Retype the listing found below exactly, but leave out each picture.

***** Data section *****

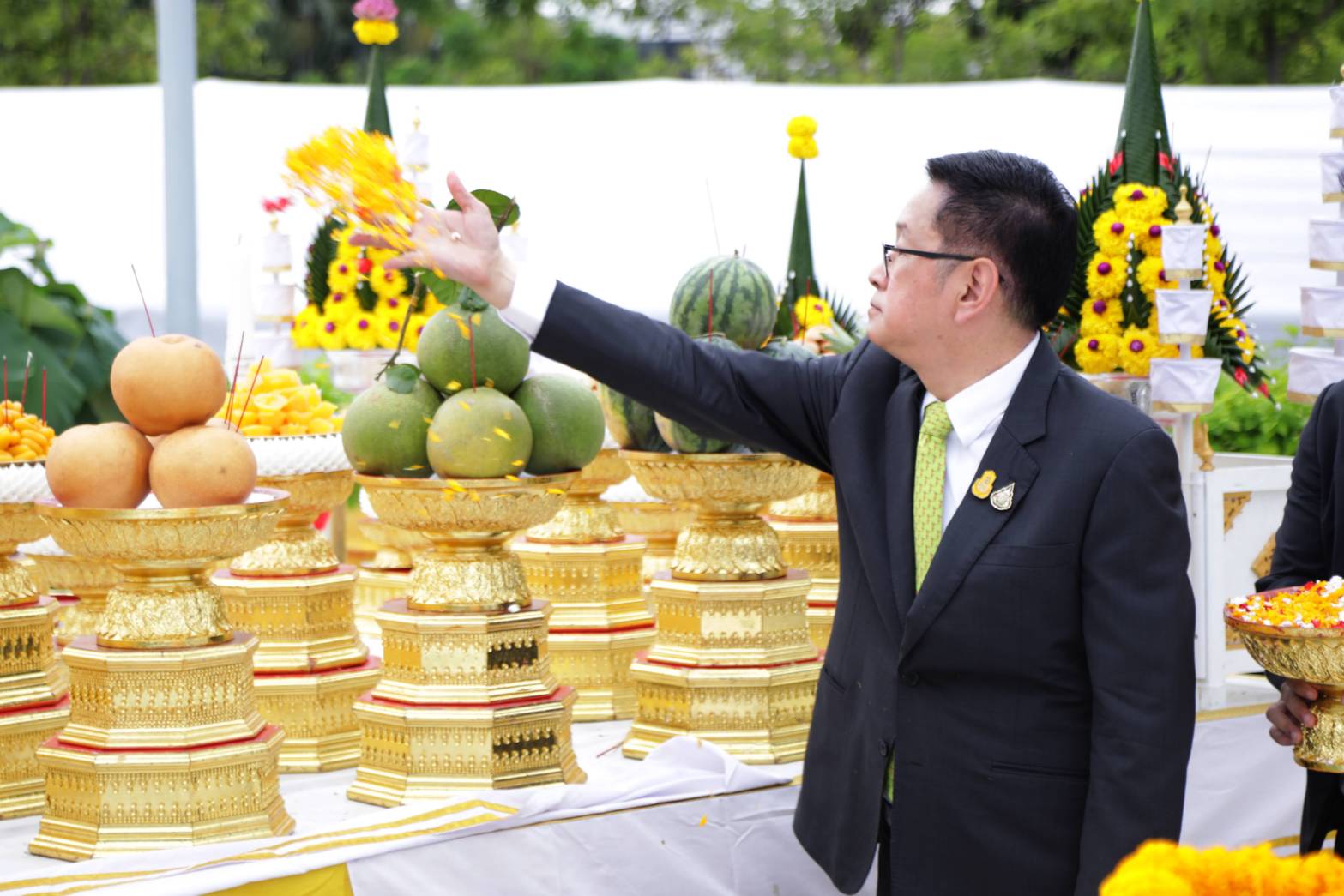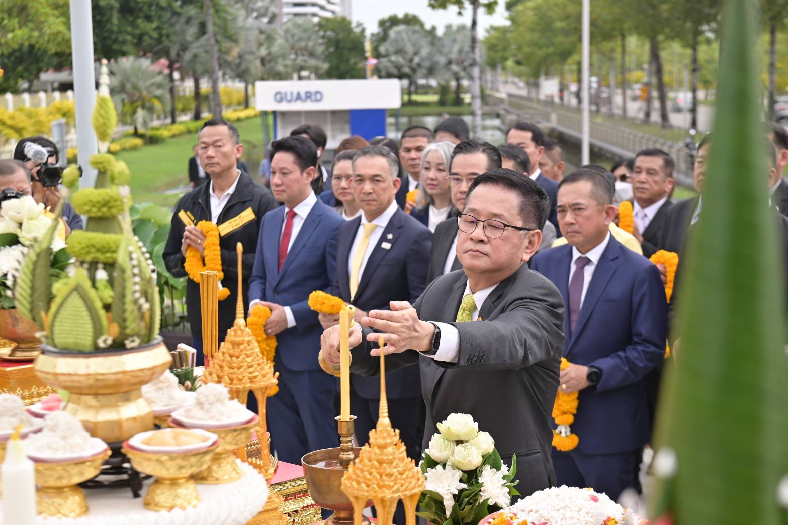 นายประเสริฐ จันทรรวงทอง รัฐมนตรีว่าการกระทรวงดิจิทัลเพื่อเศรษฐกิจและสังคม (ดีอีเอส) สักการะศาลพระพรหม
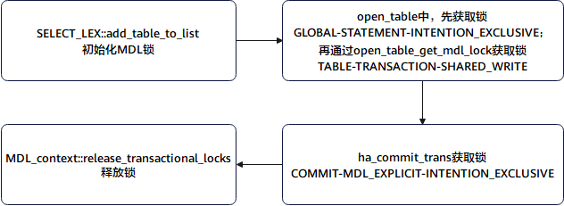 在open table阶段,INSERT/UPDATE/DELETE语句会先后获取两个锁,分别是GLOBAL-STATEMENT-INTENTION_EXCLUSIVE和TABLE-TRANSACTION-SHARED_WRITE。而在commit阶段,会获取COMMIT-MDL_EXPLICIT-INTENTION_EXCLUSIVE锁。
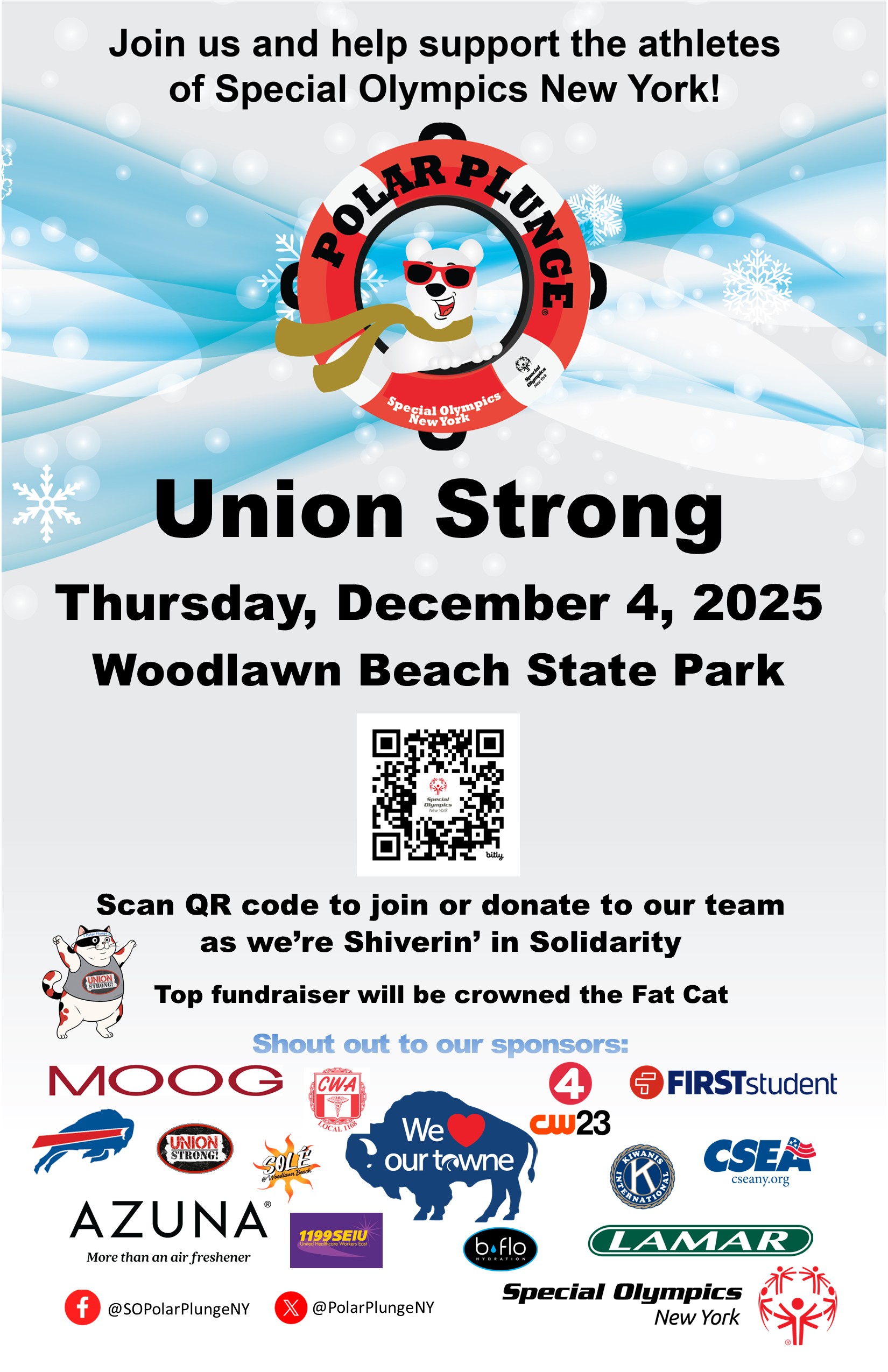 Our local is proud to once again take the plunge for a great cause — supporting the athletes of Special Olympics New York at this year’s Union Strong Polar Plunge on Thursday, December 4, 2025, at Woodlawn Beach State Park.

*****

* [Result for this task]
 นายประเสริฐ จันทรรวงทอง รัฐมนตรีว่าการกระทรวงดิจิทัลเพื่อเศรษฐกิจและสังคม (ดีอีเอส) สักการะศาลพระพรหม
 在open table阶段,INSERT/UPDATE/DELETE语句会先后获取两个锁,分别是GLOBAL-STATEMENT-INTENTION_EXCLUSIVE和TABLE-TRANSACTION-SHARED_WRITE。而在commit阶段,会获取COMMIT-MDL_EXPLICIT-INTENTION_EXCLUSIVE锁。
 Our local is proud to once again take the plunge for a great cause — supporting the athletes of Special Olympics New York at this year’s Union Strong Polar Plunge on Thursday, December 4, 2025, at Woodlawn Beach State Park.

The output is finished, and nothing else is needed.